Moving downstairs to the Berenice Abbott display, a soberer, but equally joyful experience awaited. This great American photographer has long been one of my favourites for her portraits, her celebration of Eugène Atget and her unparalleled documentation of the New York of another age. Displaying her work at the same time as the Picasso exhibition allows some of the characters of the worlds to overlap, such as French painter and Picasso-friend Marie de Laurencin, whom Abbot photographs in a way reminiscent of Picasso composition (or perhaps I was just too influenced by seeing them all at once). As I made my way into the rows and rows of images of Manhattan, I was struck by the contrast of the idyllic and dreamy skylines with the rough-edged and somber street scenes. I stood for a long time in front of an image of a Broadway theatre lobby staircase, c. 1938. Somehow the dingy marble stairs combined both the elegance and the despair of a theatre that was continuing to live out the hopes and dreams of those caught in the Great Depression. I could imagine both the spectacles of the stage and the tired people coming and going from them, from a simple staircase.

Meeting my friend Andrew in the café, I related the pleasures of my afternoon. I had seen a smile bloom on his face, and knew I had another treat coming. Sure enough, his story unfolded: once, as a teen, he had met the real Dora Maar in the south of France and spent some time inside her home, as the guest of a friend of his mother's who had befriended the photographer at a market. (Since Andrew is a wonderful storyteller, I hope he will write this himself and do it full justice!) Immediately the colours I had seen all day blended into the world of his story and the real and the imagined became the embodied stuff of my own childlike dreams.

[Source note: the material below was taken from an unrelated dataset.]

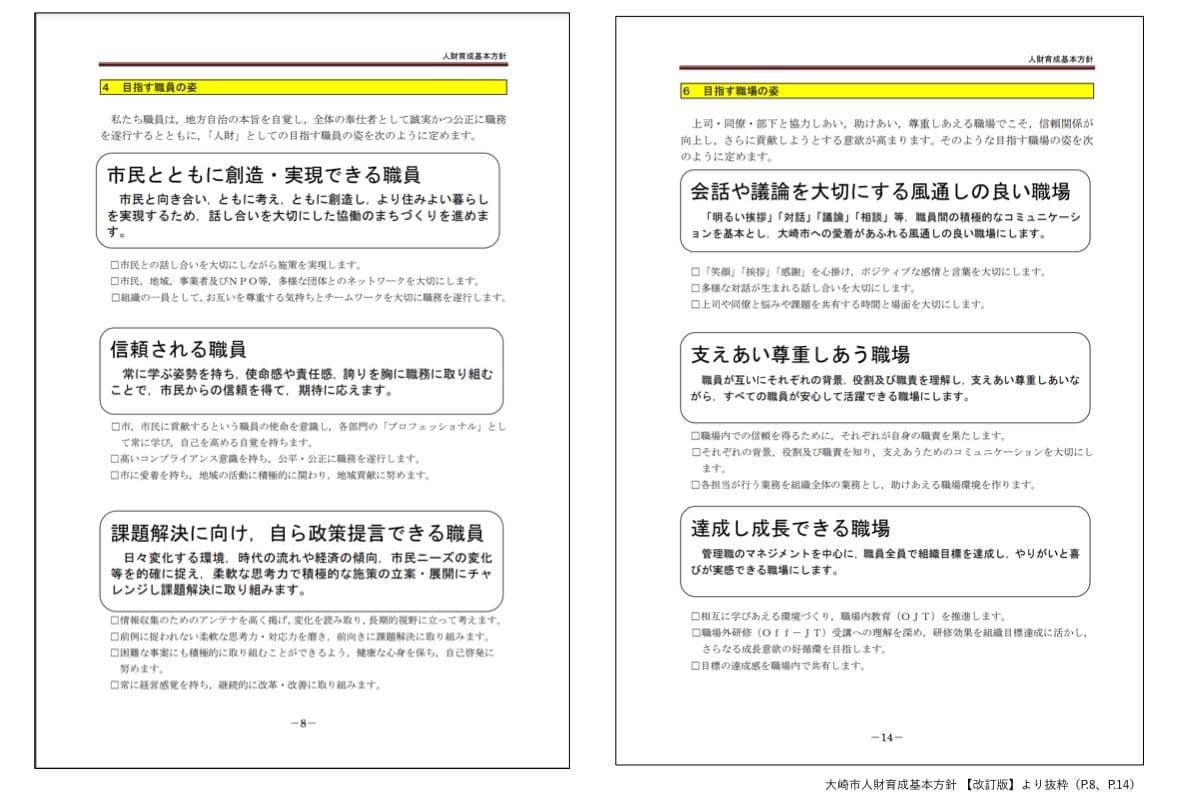 (坪谷)そうですね。合併直後の平成19年3月に、「宝の都(くに)・大崎 -ずっとおおさき・いつかはおおさき-」という総合計画に掲げる将来像を実現するために、「大崎市人材育成基本方針」を作成しました。

As if all this were not enough already, I was later treated (after a meeting) to an early birthday dinner on a patio with my friend Moze, whom I haven't been able to see in person in too long. We laughed and caught up over a feast of Mediterranean foods, as the light of day exchanged its lines for those of night. Over his shoulder I saw the neighbouring cafe turn on its string lights and set out chairs, an old man sitting down in one of them for a minute, like a figure from any canvas of the day.